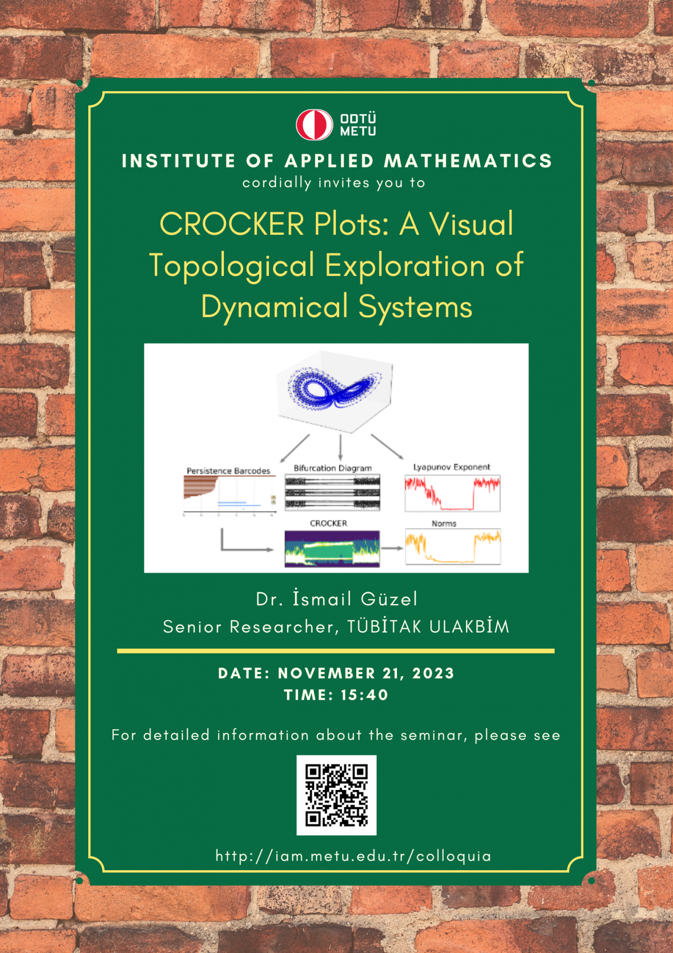 Affiliation: Senior Researcher, TÜBİTAK ULAKBİM Speaker: İsmail Güzel Date/Time: 21.11.2023 - 15.40 Abstract: CROCKER Plots: A Visual Topological Exploration of Dynamical systems. This seminar explores visual methods for topological data analysis. |
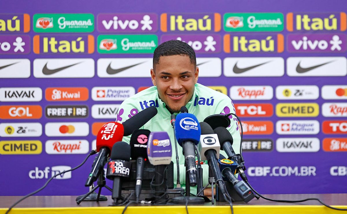 Nesta segunda-feira (20), Vítor Roque deu sua primeira entrevista coletiva como jogador da Seleção Brasileira. O atacante deu detalhes de como foi recebido pelos jogadores mais experientes e revelou o nervoso que vinha sentindo desde que foi convocado. Outro assunto tratado pelo atleta foi uma conversa que ele teve com Felipão antes de se apresentar. O treinador, no entanto, assumiu a postura de ‘homem de poucas palavras’.
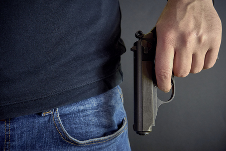 Man in grey cloth holds firearm behind his back. Revolver in mens hand. Person ready to attack with hand gun. Criminal concept.
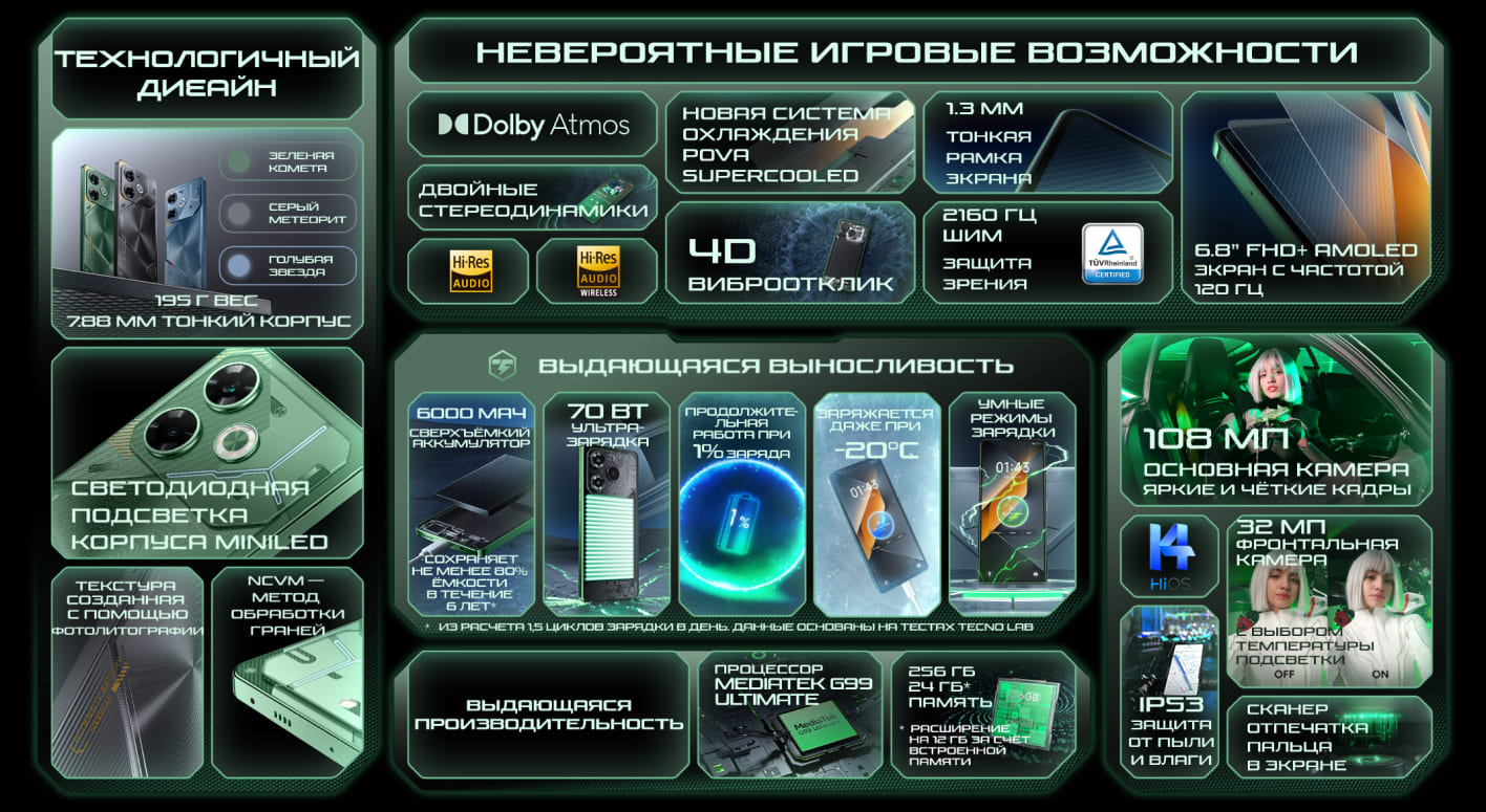 Непревзойденная выносливость POVA 6 позволит интенсивно пользоваться смартфоном в течение всего дня.
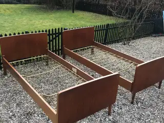 Ældre snedkerfremstillede senge i masivt egetræ
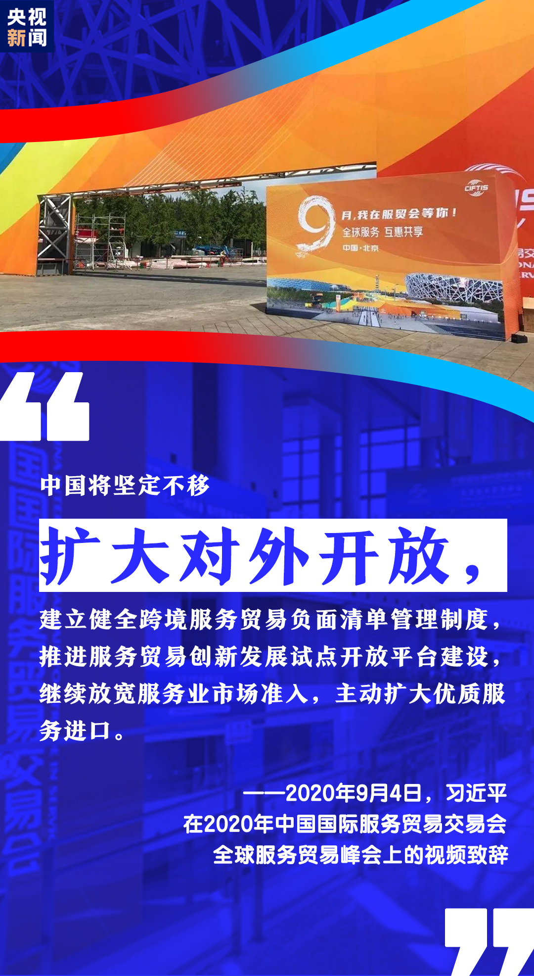 習(xí)近平表示,中國舉辦2020年中國國際服務(wù)貿(mào)易交易會,就是搭建起平臺和橋梁,讓各國人民充分展示服務(wù)貿(mào)易領(lǐng)域新發(fā)展新突破,共同享受人類社會發(fā)展進(jìn)步新技術(shù)新成果。
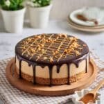 A rich and creamy no-bake Chocolate Peanut Butter Cheesecake featuring a crunchy graham cracker crust, smooth peanut butter cheesecake filling, and a luscious chocolate ganache topping with a decorative peanut butter marble design. Perfect for special occasions or indulgent desserts.
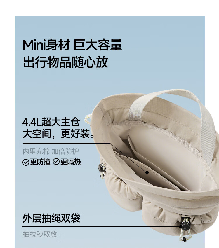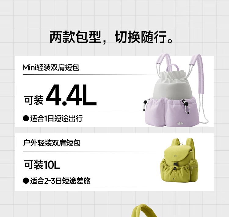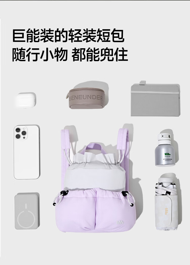 轻≈134g、出游通勤一包搞定mini身材巨大容量、出行物品随心放全新短巧包身结构、搭配有型轻松随行
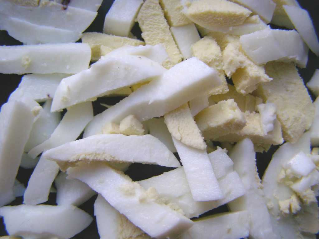 Для салатов я всегда делаю разные заготовки. И яйца в этом перечне занимают первую строчку. Несколько штук отварных яиц у меня всегда найдется в холодильничке. У вас нет? Отварите, это же несколько минут. Охладите, очистите и нарежьте примерно так.
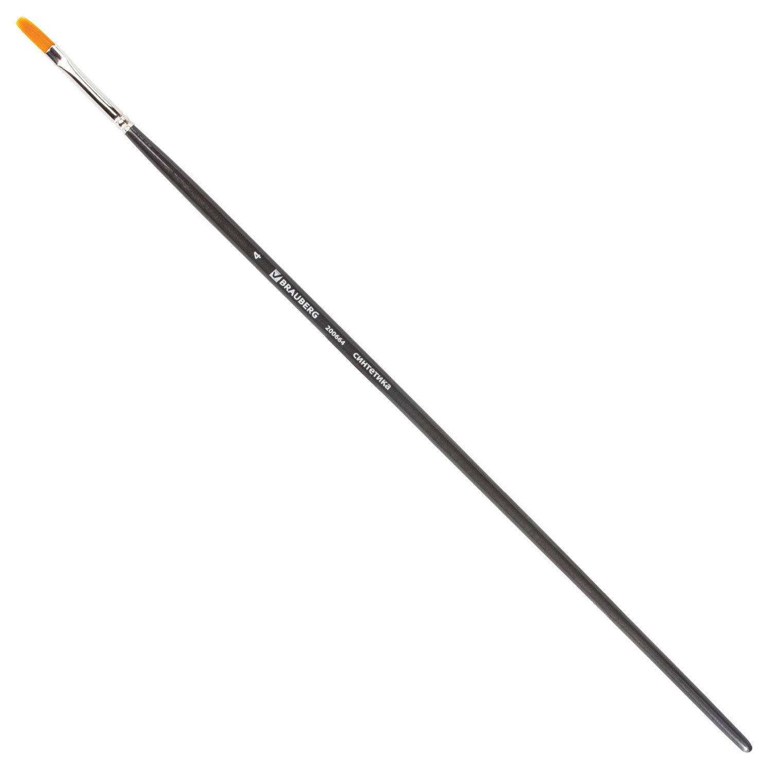 Кисть художественная проф. BRAUBERG ART CLASSIC, синтетика жесткая, плоская, № 4, длинная ручка, 200664
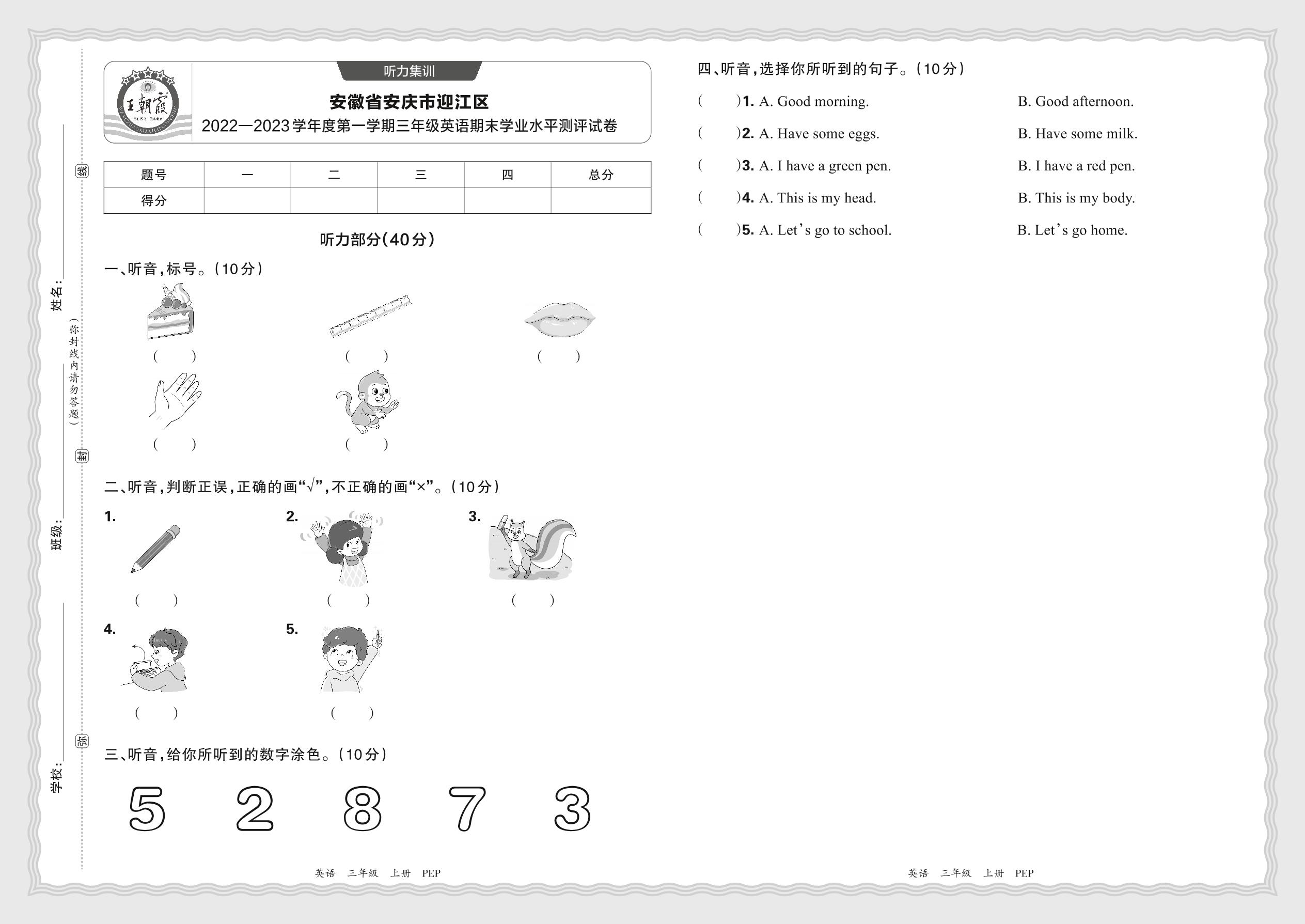 【听力集训】安徽省安庆市迎江区2022—2023学年度第一学期三年级英语期末学业水平测评试卷(人教PEP版)
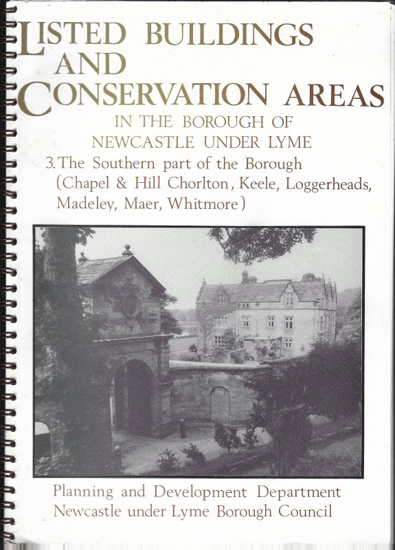 LISTED BUILDINGS AND CONSERVATION AREAS IN THE BOROUGH OF NEWCASTLE UNDER LYME. 3: The Southern part of the Borough (Chapel & Hill Chorlton, Keele, Loggerheads, Madeley, Maer, Whitmore).
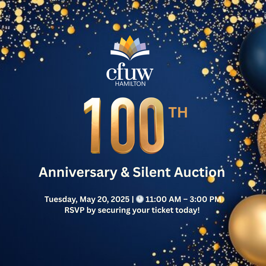 CFUW Hamilton is celebrating 100 years! Join us for a special Anniversary Luncheon on May 20, 2025, at Liuna Station. Tickets: $55 — e-transfer, cash, or cheque. Deadline: May 6! Free parking on-site Reserve today: cfuw-hamilton.com #CFUWHamilton100 #CFUWHamilton
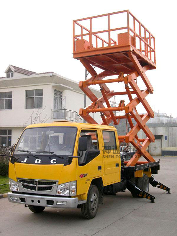 車載式升降平臺(tái)采用各種車底盤加固平臺(tái)底架,利用本車動(dòng)力在變速箱上輸出驅(qū)力油泵來(lái)操作的,無(wú)需外接電源,操作靈活簡(jiǎn)單、移動(dòng)方便、機(jī)動(dòng)性強(qiáng)、工作范圍大??蛙嚳筛鶕?jù)需求選用解放、東風(fēng)、江鈴、福田等車型;該車載式升降機(jī)廣泛應(yīng)用于市政建設(shè)維護(hù)、路燈維修、園林修剪、電路檢修、高速公路維護(hù)等場(chǎng)所的高空作業(yè);也可作為臨時(shí)性的高空照明、廣告宣傳等。
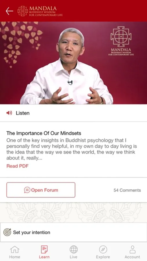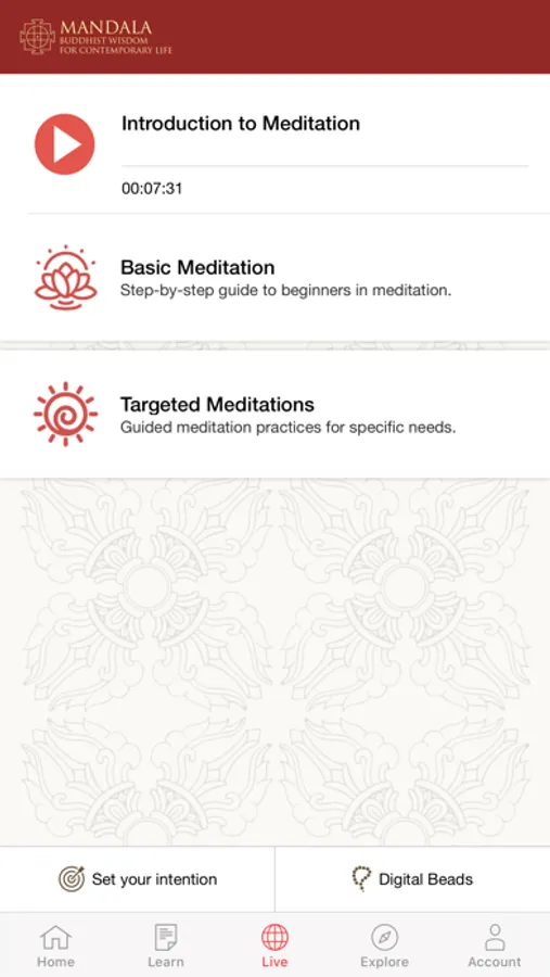 The Mandala app allows you to connect with other subscribers in your region, as well as engage with others in discussions around every topic. It also lets you set and monitor your intentions to help you focus on outcomes. The Digital Bead in the app helps you meditate while commuting or walking.
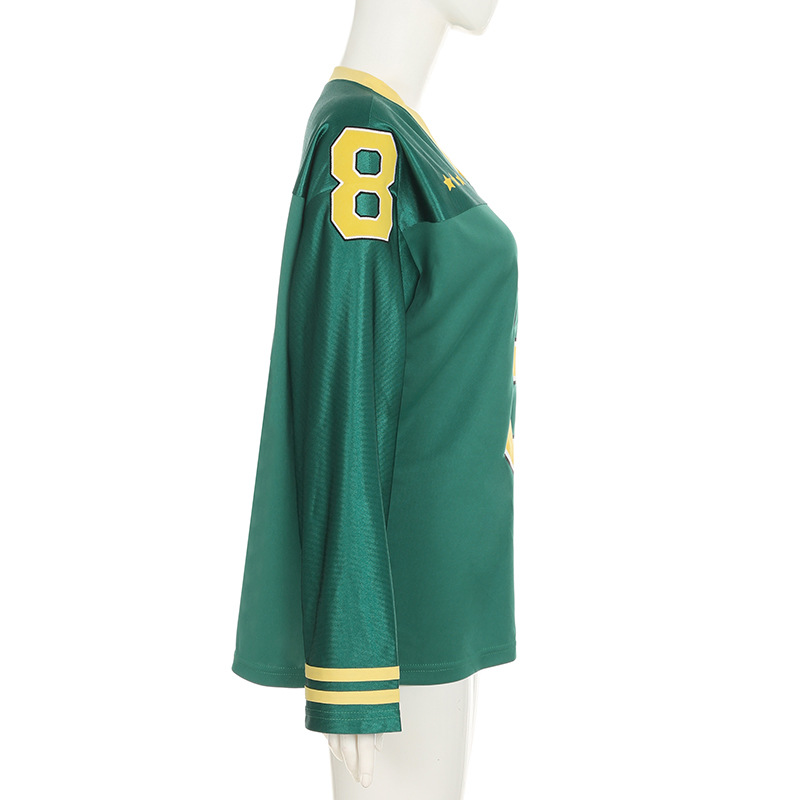 Product information: Pattern: letters/numbers/text Color: green Size: S,M,L Version: Oversized Style type: Japanese and Korean casual Popular elements: patterns, leisure, letters Style: pullover Fabric name: knitted Sleeve type: conventional sleeve Main fabric composition: Polyester (polyester fiber)

++++++++++

TRY IT →
Return the material from the line containing "Man in grey" through the line containing "Для салатов я", exactly and in full, but without its pictures.

YOUR RESPONSE →
 Man in grey cloth holds firearm behind his back. Revolver in mens hand. Person ready to attack with hand gun. Criminal concept.
 Непревзойденная выносливость POVA 6 позволит интенсивно пользоваться смартфоном в течение всего дня.
 Ældre snedkerfremstillede senge i masivt egetræ
 習(xí)近平表示,中國舉辦2020年中國國際服務(wù)貿(mào)易交易會,就是搭建起平臺和橋梁,讓各國人民充分展示服務(wù)貿(mào)易領(lǐng)域新發(fā)展新突破,共同享受人類社會發(fā)展進(jìn)步新技術(shù)新成果。
 A rich and creamy no-bake Chocolate Peanut Butter Cheesecake featuring a crunchy graham cracker crust, smooth peanut butter cheesecake filling, and a luscious chocolate ganache topping with a decorative peanut butter marble design. Perfect for special occasions or indulgent desserts.
 轻≈134g、出游通勤一包搞定mini身材巨大容量、出行物品随心放全新短巧包身结构、搭配有型轻松随行
 Для салатов я всегда делаю разные заготовки. И яйца в этом перечне занимают первую строчку. Несколько штук отварных яиц у меня всегда найдется в холодильничке. У вас нет? Отварите, это же несколько минут. Охладите, очистите и нарежьте примерно так.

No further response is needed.